RESEARCH OF MECHATRONIC EXCAVATOR LOADING CONTROL SYSTEMS

Abstract

Excavation with a single-bucket excavator usually consists of three main operations: separation and capture of soil from the massif, its movement and subsequent placement. Calculations of productivity and setting the working dimensions of excavators during their design are directly related to the concept of excavator cut and the volume of excavated soil. To solve this problem, it was proposed to introduce a system for monitoring and alerting the condition of excavator teeth in real time. This system will allow employees to assess the condition of the teeth in a timely manner and take measures to replace them, which will prevent equipment downtime and save money and time. One of the options for implementing this system is to install Shovel Metrics equipment on excavators. This equipment allows you to receive information about the condition of excavator teeth using sensors mounted on the bucket of the excavator. Another option is to install a camera sensor on the excavator boom, develop a program code for reading from the image and a warning system. Implementation of a real-time monitoring and alert system for the condition of excavator teeth will solve the problem of unscheduled replacement of excavator teeth and their entry into the crushing plant. This will lead to significant economic benefits for the company, namely: reducing the number of equipment downtime; reducing the cost of unscheduled replacement of excavator teeth; reducing the likelihood of excavator teeth entering the crushing plant. This paper presents an artificial intelligence solution for excavator bucket control based on deep neural networks to obtain accurate and practically applicable data, which provides real-time status updates. The neural network acts as a pixel classifier and assigns a label to each pixel in the excavator bucket image.
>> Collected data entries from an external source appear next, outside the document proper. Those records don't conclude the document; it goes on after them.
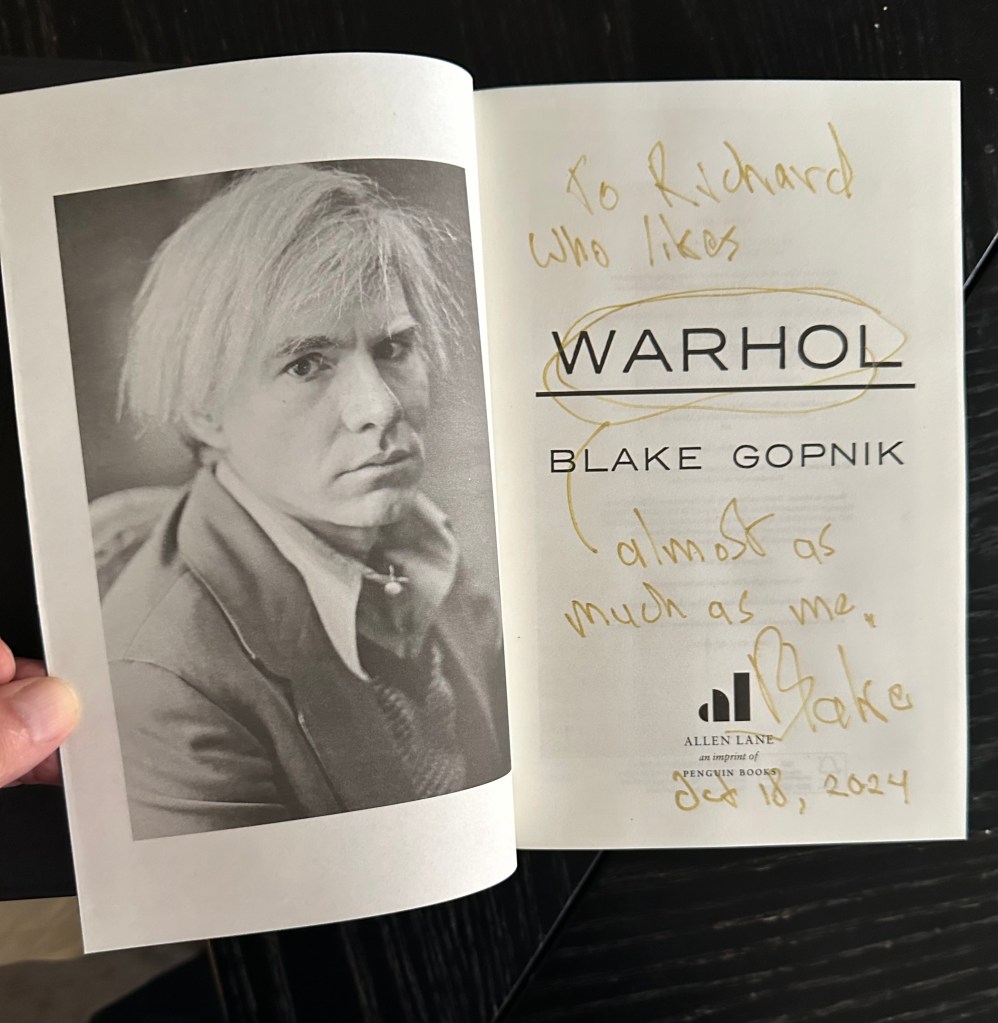 I had the honour/great good fortune to be seated beside Blake Gopnik at the preview dinner and we had a fascinating discussion. He kindly offfered to sign my copy of his Warhol biography.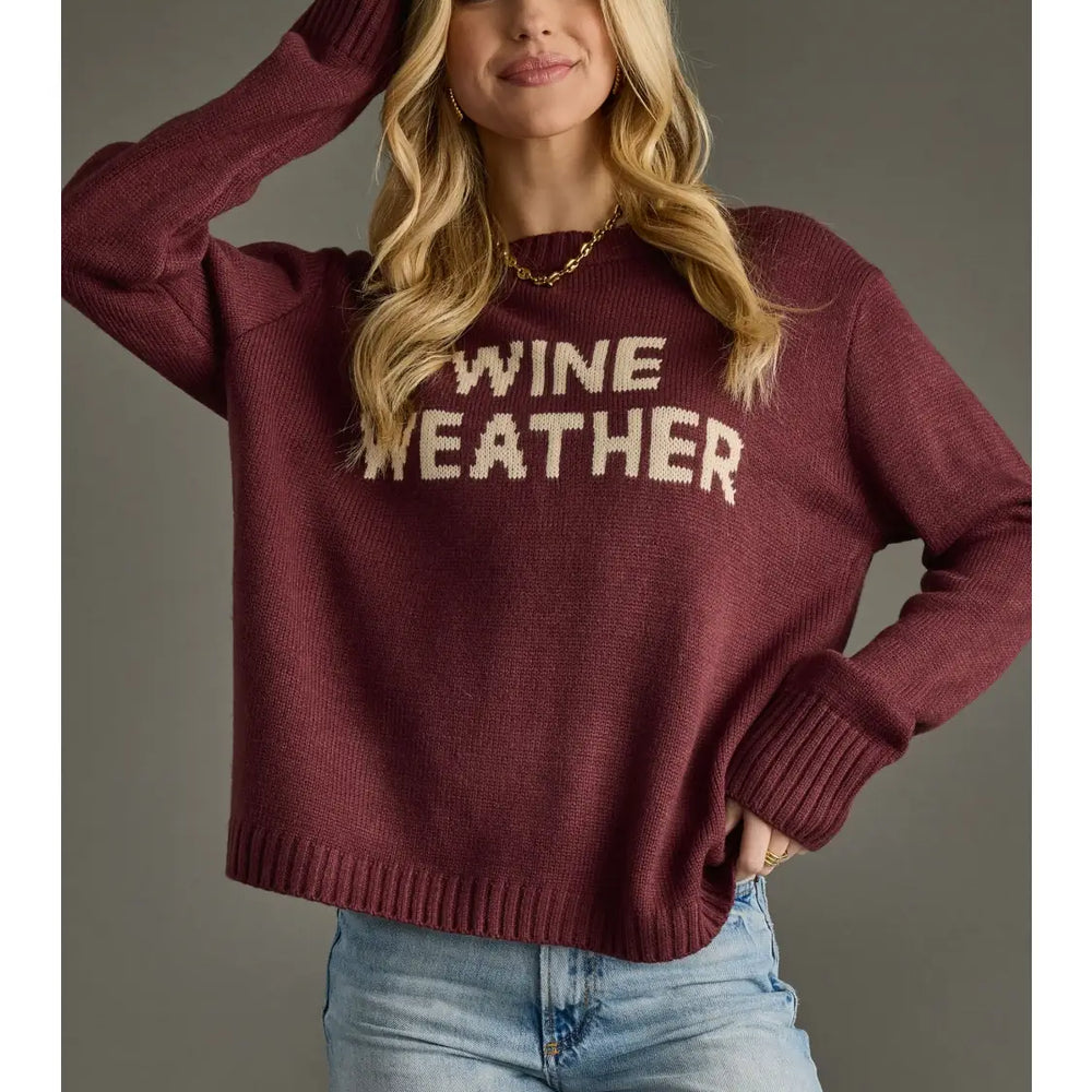 Cozy up in this wine-colored knit sweater, perfect for those chilly days when all you can think about is a good glass of wine. Crafted from soft, easy-care acrylic, it features playful "Wine weather" text across the front in a charming tan hue. The relaxed fit offers just enough room for comfort without sacrificing style, fitting true to size with a gentle, flattering drape. Your new go-to for casual comfort and a little humor.
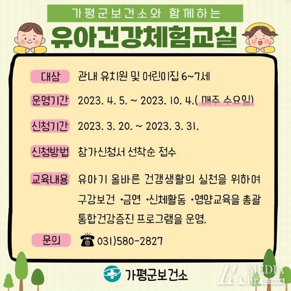 미디어아워 진금하 기자 | 가평군 보건소는 관내 아동을 대상으로 4월1일부터 10월4일까지 매주 수요일 가평군보건소 건강증진센터에서 '유아 건강 체험교실'을 운영한다.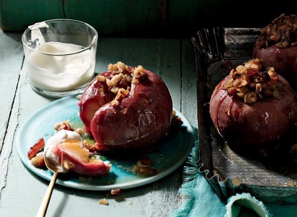 Время приготовление может меняться в зависимости от размеров и плотности выбранных яблок. В начинку можно добавлять любые орехи и сухофрукты.

This classifier, combined with post-processing, provides a comprehensive inspection solution that can detect missing teeth, track wear, and detect fragmentation. This new deep neural network architecture replaces the previous algorithm, which used traditional computer vision techniques to extract information from incoming video footage while providing the specified product functions. Like all deep learning solutions, Shovel Metrics™ will only improve with large training data sets.